I3 @ A_rect = A_rect: True
A_rect @ I5 = A_rect: True

C:\Users\user\AppData\Local\Temp\ipykernel_22748\1367529355.py:28: DeprecationWarning: `row_stack` alias is deprecated. Use `np.vstack` directly.
  circle = np.row_stack([np.cos(t), np.sin(t)])
C:\Users\user\AppData\Local\Temp\ipykernel_22748\1367529355.py:39: UserWarning: Glyph 8322 (\N{SUBSCRIPT TWO}) missing from font(s) Arial.
  plt.tight_layout(); plt.show()
c:\Users\user\OneDrive\Documents\book\.venv\Lib\site-packages\IPython\core\pylabtools.py:170: UserWarning: Glyph 8322 (\N{SUBSCRIPT TWO}) missing from font(s) Arial.
  fig.canvas.print_figure(bytes_io, **kw)


Regularized matrix (A + 0.1*I):
Diagonal of A: [ 0.441  1.582 -1.193 -0.7  ]
Diagonal of A + λI: [ 0.541  1.682 -1.093 -0.6  ] (each increased by λ)

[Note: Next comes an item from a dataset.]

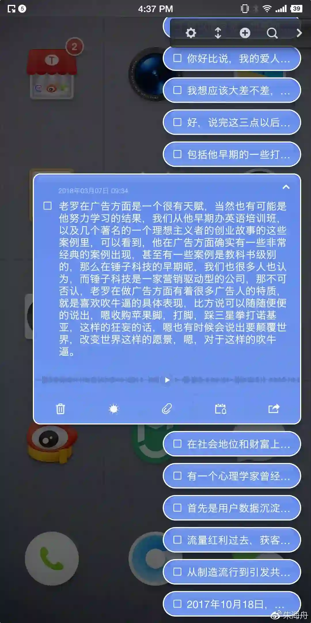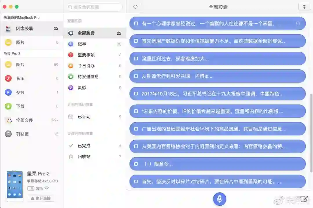 闪念胶囊刚出来的时候的,只是一个语音备忘录,然后经过这些年的发展,逐渐变成了一个集合GTD、Workflow类的一个综合APP,这也算不上什么新事物,毕竟有用这类软件的朋友,手机里肯定有替代品。

4. Mathematical Formulation¶

I_n[i,j] = δᵢⱼ  (Kronecker delta)
          = 1 if i == j
          = 0 if i ≠ j

Properties:
  AI = IA = A        for any compatible A
  Iᵀ = I             symmetric
  I⁻¹ = I            self-inverse
  det(I) = 1

Regularization: A + λI
  Adds λ to each diagonal entry
  Ensures positive definiteness if λ > max(-eigenvalues(A))
  Used in: Ridge regression, Tikhonov regularization, Newton's method

7. Exercises¶

Easy 1. What is the result of I_4 @ v for any vector v of length 4?

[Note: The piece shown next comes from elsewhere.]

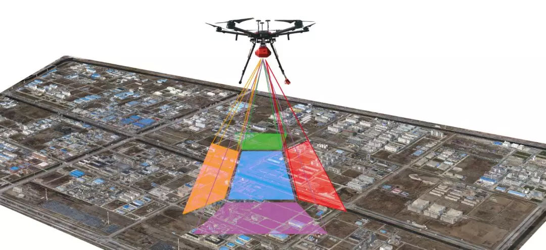 五镜头作业法。五镜头相机在一个点位上统一曝光,一次曝光,获取前后下左右五个视角的照片,因此可以在稳定匀速行驶的无人机平台上稳定的获取曝光的数据。

Easy 2. Write a function is_identity(A) that checks if a matrix is the identity.

Medium 1. Show that for any invertible matrix A, A @ A⁻¹ = I. Test numerically.

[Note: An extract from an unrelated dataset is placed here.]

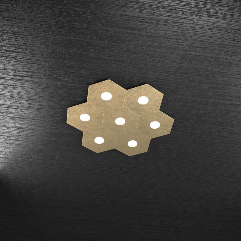 Collezione Hexagon IL FASCINO GEOMETRICO DELL'ILLUMINAZIONE LED Plafoniera 7 luci esagonale formata da lastre quadrate di metallo verniciato in finitura foglia oro.. I componenti base sono due: uno con sorgente luminosa (1142/1L) e uno solo decorativo (1142/1D). Questi componenti possono essere assemblati fra loro per creare infinite forme e mix di colori. Per comodità vengono proposti alcuni kit precomposti con codice dedicato. La presente collezione in quanto componibile è indicata per risolvere problemi di decentramento tra punto luce e zona da illuminare. Un altro punto di forza del prodotto consiste nel non utilizzare dei led integrati ma una lampadina Gx53 che, una volta montata, arriva a filo della lastra metallica e può essere facilmente sostituita dall'esterno. Esempi di composizioni aggiuntive possibili: I componenti esagonali luminosi (1142/1L) possono essere assemblati fra loro illimitatamente. Le due regole da rispettare sono: 1. Tra due esagoni luminosi (1142/1L) può

Medium 2. What is the eigendecomposition of the identity matrix? (Hint: every vector is an eigenvector — what is the eigenvalue?) (Connections: ch169)

Hard. Prove that if AB = I and BA = I, then B = A⁻¹. Write the proof as a sequence of equations.

9. Chapter Summary & Connections¶

The n×n identity matrix I satisfies AI = IA = A for any compatible A.
I[i,j] = δᵢⱼ (Kronecker delta) — ones on diagonal, zeros elsewhere.
A + λI (Tikhonov regularization) stabilizes ill-conditioned systems (reappears in ch162 — Matrix Factorization and ch181 — Linear Regression).

Backward connection: Identity is the linear algebra equivalent of the number 1 — it is the multiplicative identity in the ring of square matrices.

Forward connections:

In ch157 (Matrix Inverse), we define A⁻¹ as the matrix satisfying AA⁻¹ = I.
In ch171 (Eigenvalue Computation), I appears in the characteristic equation det(A - λI) = 0.